What I DO understand though, is the thing about the "goblin farting in your face" in the video. The mouse swiping thing. Tbh that is the worst thing I can think of right now, because it's triggered by swiping on your touchpad. And it's fucking annoying. Usually I go way too far to explode over people who used win8 for 5 minutes and go "I CAN'T FIGURE IT OUT" but_ the swiping feature is the most useless, badly made feature I have ever had to sit through._ Now the thing is that if I play PC games that need you to use a cursor, I can't use my pen tablet as a mouse (like I usually do, I actually have no mouse at all, just my tablet and lenovo touchpad) or else the thing goes batshit crazy and spins around incessantly. So I'd be playing Portal 2 and the goddamn thing would keep switching out of fullview. Even when there were no Win8 apps to switch to, it would drop right out of fullscreen. Annoying. I'm really hoping this doesn't happen to mice devices. I was also really hoping Win8.1 would either take this useless feature away or at least give us an option to turn it off. Still not sure how to turn it off.
I'm actually happy with win8 but I still don't understand why the swipe thing exists.


----------



## ArielMT (Oct 30, 2013)

kitsunekoneko said:


> To be honest I don't know what makes Win8 so hard to learn for people. Maybe it's because I'm a computer person and I might know a bit more than the average person, but it really doesn't seem the difficult either way. You press the windows button and you have shortcuts to everything.

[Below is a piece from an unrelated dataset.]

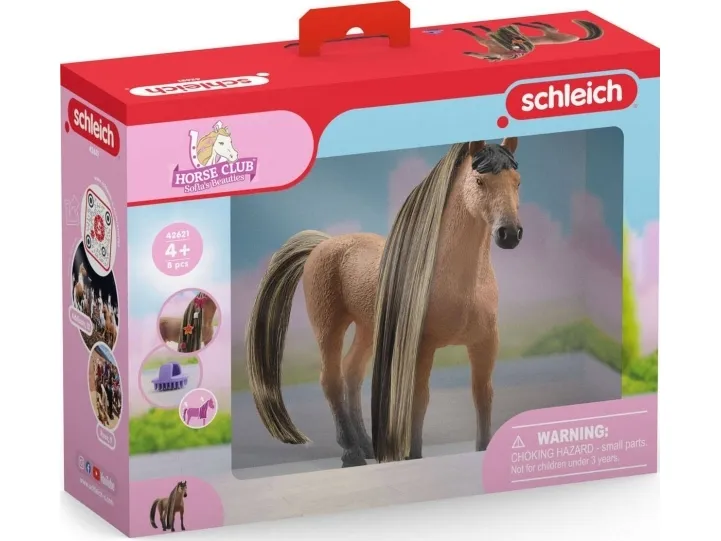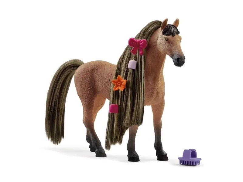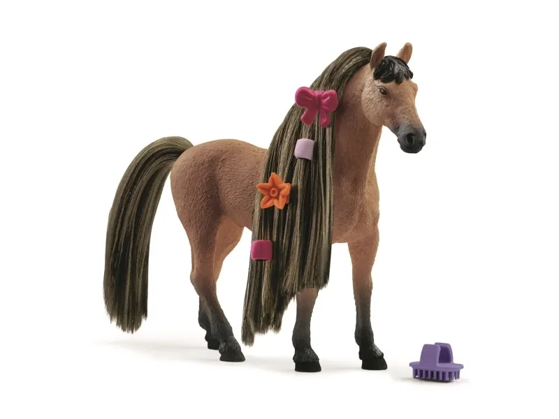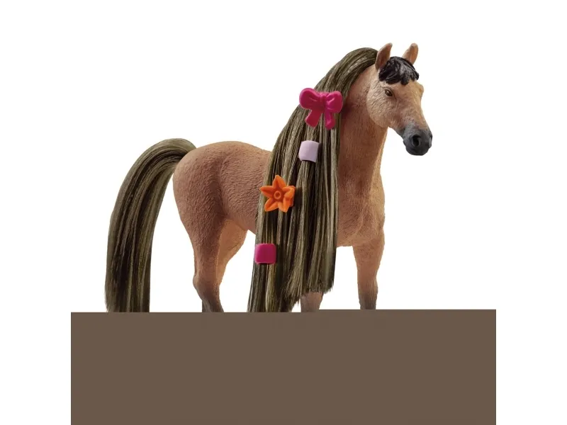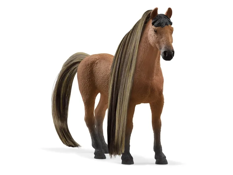 The magnificent Akhal-Teke stallion Beauty Horse has the typical sand-colored coat of his desert home. But he wasn’t always as fussy about his grooming. Now he’s with you, you can give your fullest attention to his beautiful long mane! If you comb it carefully beforehand, you can make amazing braided hairstyles. The hair accessories are ready and waiting for the final styling.
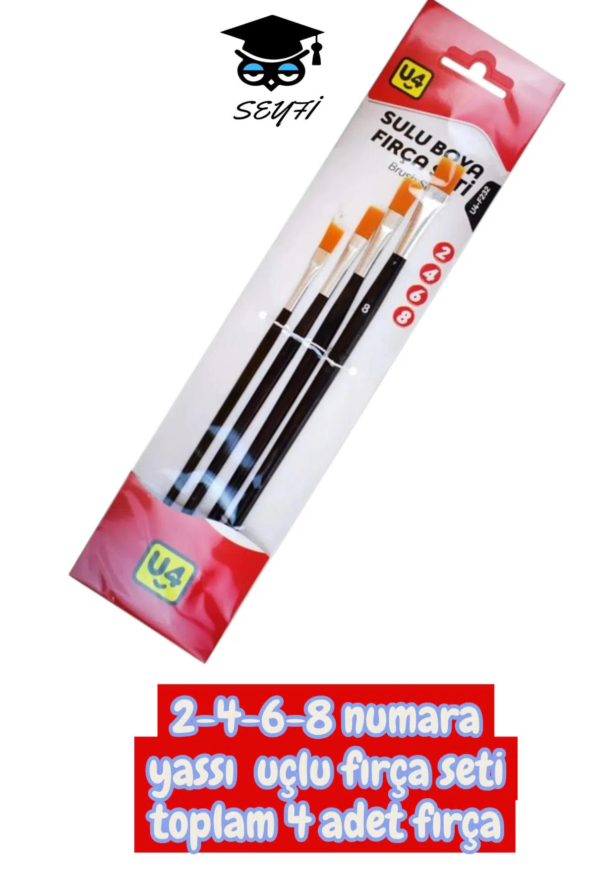 2-4-6-8 numara yassı uçlu fırça seti toplam 4 adet fırça

I had never spent more than ten minutes figuring out how to properly turn off an alien OS.  Even in OpenBSD, probably the least friendly Unix still out there, all I had to do was read what it told me to read and call up the manpage for the "shutdown" command.  Plan 9 from Bell Labs, an OS even more alien than Unix, was quicker and easier.  Windows 2.0, just close MS-DOS Executive, and you're asked.  Windows 3.0/3.1/WFW, just close Program Manager, and you're asked.  Windows 95/98/ME and Windows NT 4.0/2000/XP/Vista/7, just click on Start, and the choice is right there.  In Windows 8 for the first time, it took me not less than half an hour to figure it out, and two more days to find another way that didn't involve a boxing match with a corner of the screen.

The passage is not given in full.